While VAT is not applicable to second-hand property sales, legal, agency, and maintenance costs will see upward pressure, potentially discouraging property investments,” Arise said. 

She added that from an accounting and business perspective, the VAT increase necessitates strategic financial planning.

“Developers and property investors will need to adjust cost structures, while businesses must assess VAT efficiency and optimise cash flow management to accommodate higher operational costs.

"Consumers, who are already facing cost-of-living pressures, may limit spending, which could negatively impact businesses dependent on discretionary purchases, such as home improvements, retail, and construction services.

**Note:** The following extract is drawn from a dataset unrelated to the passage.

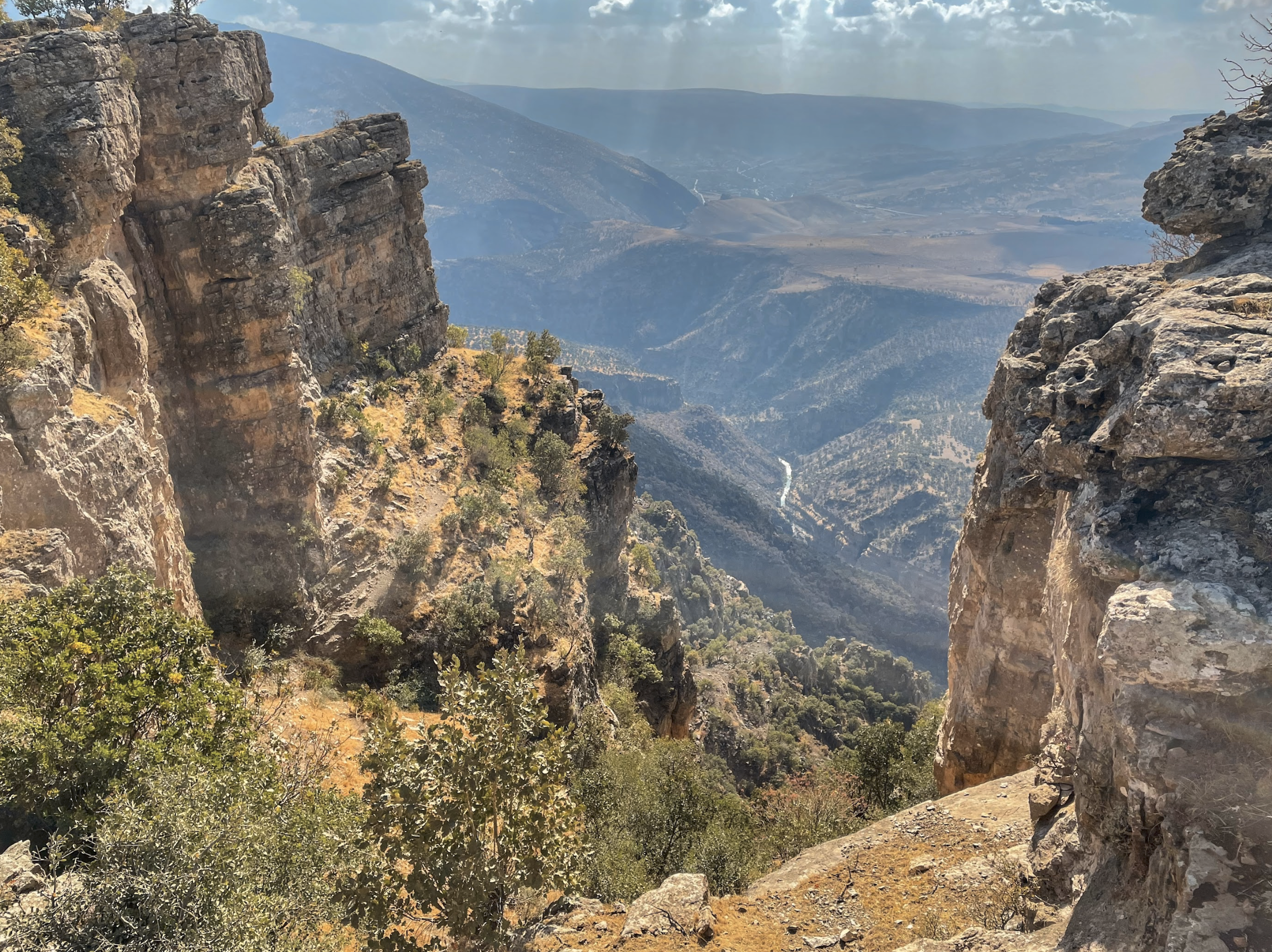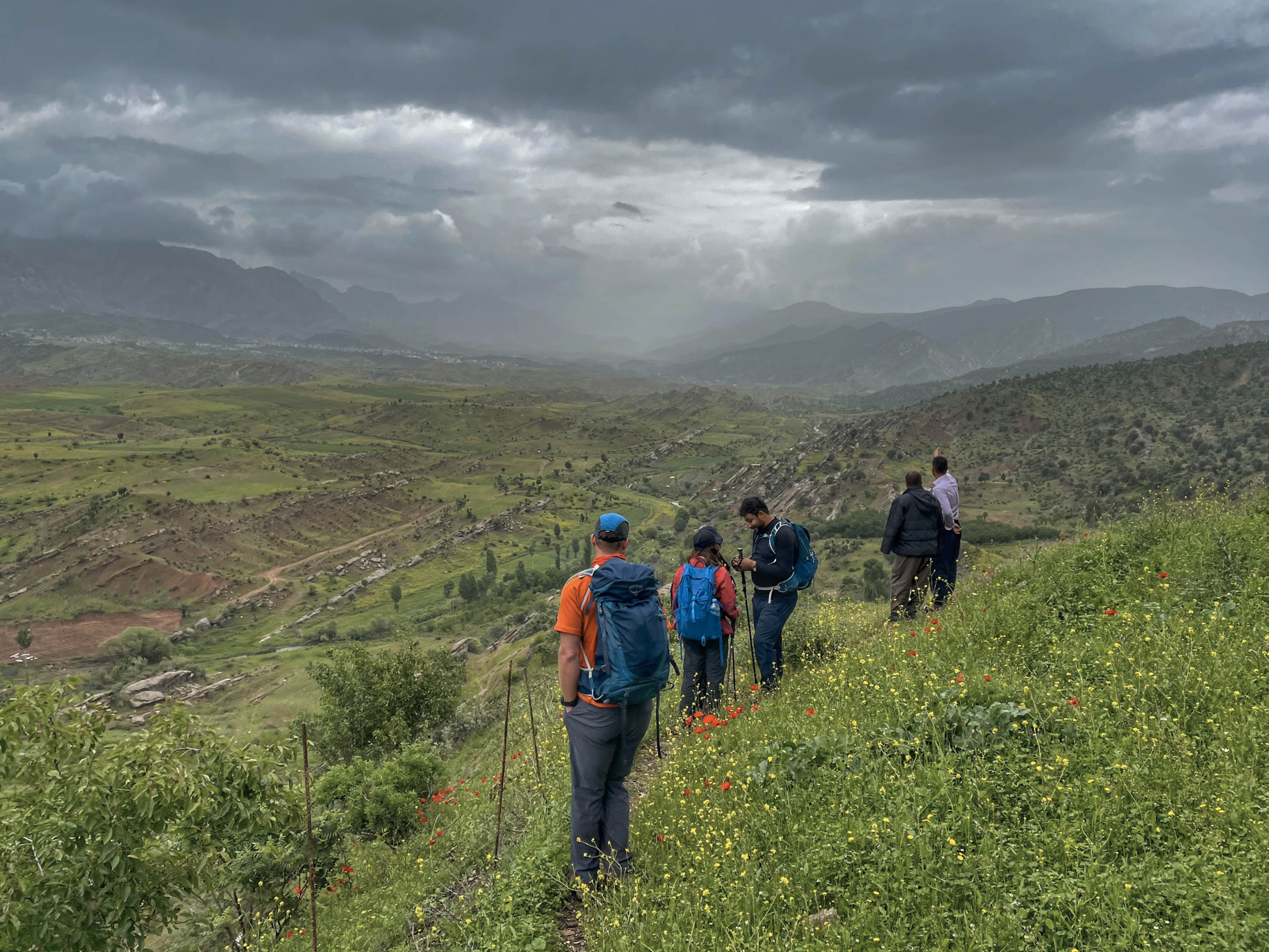 The group walked for a few hours along the shepherds’ tracks that wind out of Shush and along a small valley bounded on one side by high, craggy limestone and on the other by a lower, sharper ridge, with seams of rust and golden soil shining through. These hills are the final barrier before the great plains begin beyond, stretching out toward Mosul and the south.

While the government claims that VAT is the least harmful tax adjustment compared to increasing corporate or personal income taxes, it still risks slowing economic activity in key sectors.

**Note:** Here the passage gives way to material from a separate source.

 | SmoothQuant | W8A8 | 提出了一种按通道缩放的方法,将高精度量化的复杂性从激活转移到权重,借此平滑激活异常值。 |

The academic said to mitigate the impact, businesses should reassess pricing models, explore tax-efficient structures, and time major expenses wisely before the next VAT hike in 2026. 

Arise said that meanwhile, the government may need to expand VAT relief measures or introduce targeted incentives to support industries most affected by the change.

Professor Waldo Krugell, an economist with the School of Economic Sciences at the North-West University (NWU) said the Minister of Finance "has truly performed a balancing act this year".

He said the big question, of course, was where he could cut spending or find additional sources of revenue. “In the end, he is continuing spending on the Social Relief of Distress grant, making provision for positions for doctors and teachers, and keeping the 5.5% salary increase for public servants on the books. He manages this by increasing the VAT rate by half a percentage point this year and another half next year. He does not provide any relief for bracket creep, but at least keeps the fuel levy unchanged. There is also support to protect the poorest against rising living costs in the form of increased grants and the addition of a few more VAT zero-rated products,” Krugell said.

The economist said Godongwana has done what he can with the limited fiscal space available. He said the Minister continues efforts to stabilise government debt, even though it will end up at a slightly higher level, promises more investment in infrastructure, and proposes plans to increasingly involve the private sector in electricity transmission and rail transport. “High-income earners will have to bear a larger share of the additional spending, but the VAT rate increase means that everyone will carry a part of the burden. Once the debate over rands and cents is settled, we should focus much more on how to accelerate the reform process.”